Josef Středula (born 12 November 1967) is a Czech trade union activist. He became the chairman of the KOVO trade union in 2005. He left the office in 2014 to become the chairman of the Bohemian-Moravian Confederation of Trade Unions.

Early life and career
Středula was born in Opava in 1967. He studied at Technical High School and then worked at Vítkovice Ironworks. He has been a trade unionist since 1993. Středula affiliated himself with the KOVO Trade Union, and was elected chairman of the union in 2005. He left the office when he was elected chairman of the Bohemian-Moravian Confederation of Trade Unions. He was reelected in 2018.

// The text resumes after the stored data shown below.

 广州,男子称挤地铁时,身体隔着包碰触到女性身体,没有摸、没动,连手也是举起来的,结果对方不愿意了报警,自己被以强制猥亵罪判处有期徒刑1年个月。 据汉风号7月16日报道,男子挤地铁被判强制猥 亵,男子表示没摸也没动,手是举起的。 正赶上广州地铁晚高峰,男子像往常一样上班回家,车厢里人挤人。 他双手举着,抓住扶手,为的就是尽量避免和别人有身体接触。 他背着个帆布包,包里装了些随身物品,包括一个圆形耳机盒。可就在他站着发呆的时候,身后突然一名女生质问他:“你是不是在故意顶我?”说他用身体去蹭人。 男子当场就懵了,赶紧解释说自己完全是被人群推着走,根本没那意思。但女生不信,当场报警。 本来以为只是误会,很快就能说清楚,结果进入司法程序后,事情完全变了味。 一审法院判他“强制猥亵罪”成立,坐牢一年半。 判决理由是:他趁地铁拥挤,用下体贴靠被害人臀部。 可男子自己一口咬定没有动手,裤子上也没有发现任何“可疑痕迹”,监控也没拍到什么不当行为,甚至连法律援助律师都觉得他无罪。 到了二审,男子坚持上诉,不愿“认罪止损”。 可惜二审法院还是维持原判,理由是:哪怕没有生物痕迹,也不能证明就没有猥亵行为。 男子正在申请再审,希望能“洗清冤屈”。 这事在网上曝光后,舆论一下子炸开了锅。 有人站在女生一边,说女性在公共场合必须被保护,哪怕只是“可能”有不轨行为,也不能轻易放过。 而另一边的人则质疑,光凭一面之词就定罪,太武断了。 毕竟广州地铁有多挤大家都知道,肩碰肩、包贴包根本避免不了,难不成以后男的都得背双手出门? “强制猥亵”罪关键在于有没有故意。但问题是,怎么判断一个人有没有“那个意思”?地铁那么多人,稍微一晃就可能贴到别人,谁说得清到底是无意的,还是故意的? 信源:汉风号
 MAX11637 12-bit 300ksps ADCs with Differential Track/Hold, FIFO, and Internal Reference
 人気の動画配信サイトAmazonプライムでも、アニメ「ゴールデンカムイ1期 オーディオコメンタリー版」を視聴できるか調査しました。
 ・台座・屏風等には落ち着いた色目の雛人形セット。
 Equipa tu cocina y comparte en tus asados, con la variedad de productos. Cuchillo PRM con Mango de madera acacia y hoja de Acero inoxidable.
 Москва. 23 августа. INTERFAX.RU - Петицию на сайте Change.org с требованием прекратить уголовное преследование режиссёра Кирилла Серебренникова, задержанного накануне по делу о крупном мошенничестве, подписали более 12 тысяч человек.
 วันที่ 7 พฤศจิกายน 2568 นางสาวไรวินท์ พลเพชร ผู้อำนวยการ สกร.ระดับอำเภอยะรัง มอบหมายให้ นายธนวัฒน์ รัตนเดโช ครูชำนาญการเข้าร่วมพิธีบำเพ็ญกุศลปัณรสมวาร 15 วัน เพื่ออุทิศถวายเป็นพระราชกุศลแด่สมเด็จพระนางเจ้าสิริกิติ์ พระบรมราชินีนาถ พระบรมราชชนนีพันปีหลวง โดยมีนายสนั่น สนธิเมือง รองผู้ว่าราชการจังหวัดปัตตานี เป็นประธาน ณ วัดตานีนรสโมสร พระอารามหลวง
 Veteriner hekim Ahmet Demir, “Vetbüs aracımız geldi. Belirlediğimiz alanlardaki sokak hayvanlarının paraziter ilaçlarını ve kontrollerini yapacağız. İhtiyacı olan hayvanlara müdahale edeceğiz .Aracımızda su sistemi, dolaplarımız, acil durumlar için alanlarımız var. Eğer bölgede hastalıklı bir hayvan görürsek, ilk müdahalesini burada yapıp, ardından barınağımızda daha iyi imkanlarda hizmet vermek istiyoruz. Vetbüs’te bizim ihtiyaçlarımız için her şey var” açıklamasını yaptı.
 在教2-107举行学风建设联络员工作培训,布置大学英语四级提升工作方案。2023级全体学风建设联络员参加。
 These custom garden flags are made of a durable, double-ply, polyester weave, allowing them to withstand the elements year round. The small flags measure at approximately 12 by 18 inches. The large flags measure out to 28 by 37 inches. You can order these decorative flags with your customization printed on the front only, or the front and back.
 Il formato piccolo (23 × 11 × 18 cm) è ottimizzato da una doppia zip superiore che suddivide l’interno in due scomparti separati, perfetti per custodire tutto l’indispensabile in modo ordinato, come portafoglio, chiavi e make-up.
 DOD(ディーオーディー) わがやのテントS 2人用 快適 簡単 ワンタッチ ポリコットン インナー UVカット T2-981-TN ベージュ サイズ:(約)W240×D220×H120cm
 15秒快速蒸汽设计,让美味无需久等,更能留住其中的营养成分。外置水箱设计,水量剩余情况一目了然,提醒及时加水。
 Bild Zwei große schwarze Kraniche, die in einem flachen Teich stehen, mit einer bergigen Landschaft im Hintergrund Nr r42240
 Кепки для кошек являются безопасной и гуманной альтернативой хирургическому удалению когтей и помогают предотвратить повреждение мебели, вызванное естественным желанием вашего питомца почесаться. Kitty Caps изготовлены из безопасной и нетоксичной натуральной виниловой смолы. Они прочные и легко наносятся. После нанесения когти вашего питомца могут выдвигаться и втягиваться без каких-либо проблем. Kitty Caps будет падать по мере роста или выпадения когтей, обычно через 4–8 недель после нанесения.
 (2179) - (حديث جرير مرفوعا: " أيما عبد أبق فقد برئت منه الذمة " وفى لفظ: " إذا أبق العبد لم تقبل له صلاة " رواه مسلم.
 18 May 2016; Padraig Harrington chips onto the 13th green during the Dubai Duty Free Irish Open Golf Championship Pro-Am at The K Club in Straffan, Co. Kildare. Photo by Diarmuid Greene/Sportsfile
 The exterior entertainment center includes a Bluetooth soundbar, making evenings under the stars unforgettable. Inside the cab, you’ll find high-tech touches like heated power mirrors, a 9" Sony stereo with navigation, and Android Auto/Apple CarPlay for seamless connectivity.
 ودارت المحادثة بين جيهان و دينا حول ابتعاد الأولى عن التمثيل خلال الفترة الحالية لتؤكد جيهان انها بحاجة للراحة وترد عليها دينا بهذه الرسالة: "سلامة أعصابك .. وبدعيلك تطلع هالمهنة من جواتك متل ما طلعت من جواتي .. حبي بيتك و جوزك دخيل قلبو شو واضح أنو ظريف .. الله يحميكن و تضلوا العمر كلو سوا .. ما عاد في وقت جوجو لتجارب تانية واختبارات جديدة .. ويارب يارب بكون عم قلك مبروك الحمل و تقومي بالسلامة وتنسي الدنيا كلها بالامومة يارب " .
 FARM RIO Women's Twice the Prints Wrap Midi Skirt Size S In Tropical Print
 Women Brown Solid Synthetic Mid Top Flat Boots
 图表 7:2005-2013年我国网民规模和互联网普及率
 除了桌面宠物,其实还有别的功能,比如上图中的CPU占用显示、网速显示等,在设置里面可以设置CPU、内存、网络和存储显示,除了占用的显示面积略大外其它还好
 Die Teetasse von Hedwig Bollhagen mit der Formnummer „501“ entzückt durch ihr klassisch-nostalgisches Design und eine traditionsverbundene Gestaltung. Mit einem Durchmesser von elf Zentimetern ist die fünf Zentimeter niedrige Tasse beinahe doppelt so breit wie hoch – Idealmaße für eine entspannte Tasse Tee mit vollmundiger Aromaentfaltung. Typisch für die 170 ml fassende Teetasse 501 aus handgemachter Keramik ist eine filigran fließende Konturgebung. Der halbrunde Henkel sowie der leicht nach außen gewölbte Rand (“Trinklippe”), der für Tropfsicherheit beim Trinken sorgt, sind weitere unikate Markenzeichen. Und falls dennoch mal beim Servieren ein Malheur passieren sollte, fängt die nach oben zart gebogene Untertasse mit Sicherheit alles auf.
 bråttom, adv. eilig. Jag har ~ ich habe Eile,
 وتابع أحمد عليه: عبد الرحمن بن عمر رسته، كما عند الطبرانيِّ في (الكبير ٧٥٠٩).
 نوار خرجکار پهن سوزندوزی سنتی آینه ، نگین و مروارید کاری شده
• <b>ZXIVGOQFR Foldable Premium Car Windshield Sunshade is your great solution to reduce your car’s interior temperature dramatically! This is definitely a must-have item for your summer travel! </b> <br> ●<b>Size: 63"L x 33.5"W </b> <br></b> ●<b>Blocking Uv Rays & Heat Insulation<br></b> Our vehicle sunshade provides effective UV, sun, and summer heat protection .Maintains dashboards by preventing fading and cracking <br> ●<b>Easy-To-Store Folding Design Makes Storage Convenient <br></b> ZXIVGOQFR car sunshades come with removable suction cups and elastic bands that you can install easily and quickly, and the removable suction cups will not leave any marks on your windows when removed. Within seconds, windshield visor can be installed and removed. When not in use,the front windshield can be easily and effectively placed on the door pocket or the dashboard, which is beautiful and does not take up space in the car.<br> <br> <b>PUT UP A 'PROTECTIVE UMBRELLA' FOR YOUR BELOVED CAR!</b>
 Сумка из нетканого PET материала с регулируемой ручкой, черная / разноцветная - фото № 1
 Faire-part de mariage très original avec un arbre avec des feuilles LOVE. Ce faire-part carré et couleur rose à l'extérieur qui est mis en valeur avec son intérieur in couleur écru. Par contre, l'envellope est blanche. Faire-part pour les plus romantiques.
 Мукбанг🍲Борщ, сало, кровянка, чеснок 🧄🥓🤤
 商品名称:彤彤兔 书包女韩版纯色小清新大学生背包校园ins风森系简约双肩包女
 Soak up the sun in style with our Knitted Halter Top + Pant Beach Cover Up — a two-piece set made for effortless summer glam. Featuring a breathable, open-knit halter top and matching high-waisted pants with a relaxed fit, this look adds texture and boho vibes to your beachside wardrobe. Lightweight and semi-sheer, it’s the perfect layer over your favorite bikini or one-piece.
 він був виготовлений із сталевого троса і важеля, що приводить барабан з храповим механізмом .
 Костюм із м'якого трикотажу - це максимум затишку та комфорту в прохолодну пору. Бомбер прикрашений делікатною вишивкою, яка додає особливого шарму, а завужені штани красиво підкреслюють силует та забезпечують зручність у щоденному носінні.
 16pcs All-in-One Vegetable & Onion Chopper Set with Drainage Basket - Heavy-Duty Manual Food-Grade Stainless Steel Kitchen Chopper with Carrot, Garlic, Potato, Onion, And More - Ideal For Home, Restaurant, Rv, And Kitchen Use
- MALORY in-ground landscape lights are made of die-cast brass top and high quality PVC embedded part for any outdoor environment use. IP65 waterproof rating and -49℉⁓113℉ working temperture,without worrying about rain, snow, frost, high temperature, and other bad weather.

2023 Presidential candidacy
He was asked about his possible presidential candidacy by A2larm magazine. He said it was possible he could run in the next Czech presidential election if he had the support of trade unions. His statement was positively received by trade unionists. Some politicians from the Czech Social Democratic Party (ČSSD) and Communist Party of Bohemia and Moravia, including Jan Hamáček and Jiří Dolejš, suggested possible support for Středula.

On 1 May 2022, the ČSSD youth organization, the Young Social Democrats, began collecting signatures for his candidacy. Four days later, he accepted the candidacy and announced it on his Twitter account, reiterating that he wanted to be a civic candidate. ČSSD has endorsed his candidacy.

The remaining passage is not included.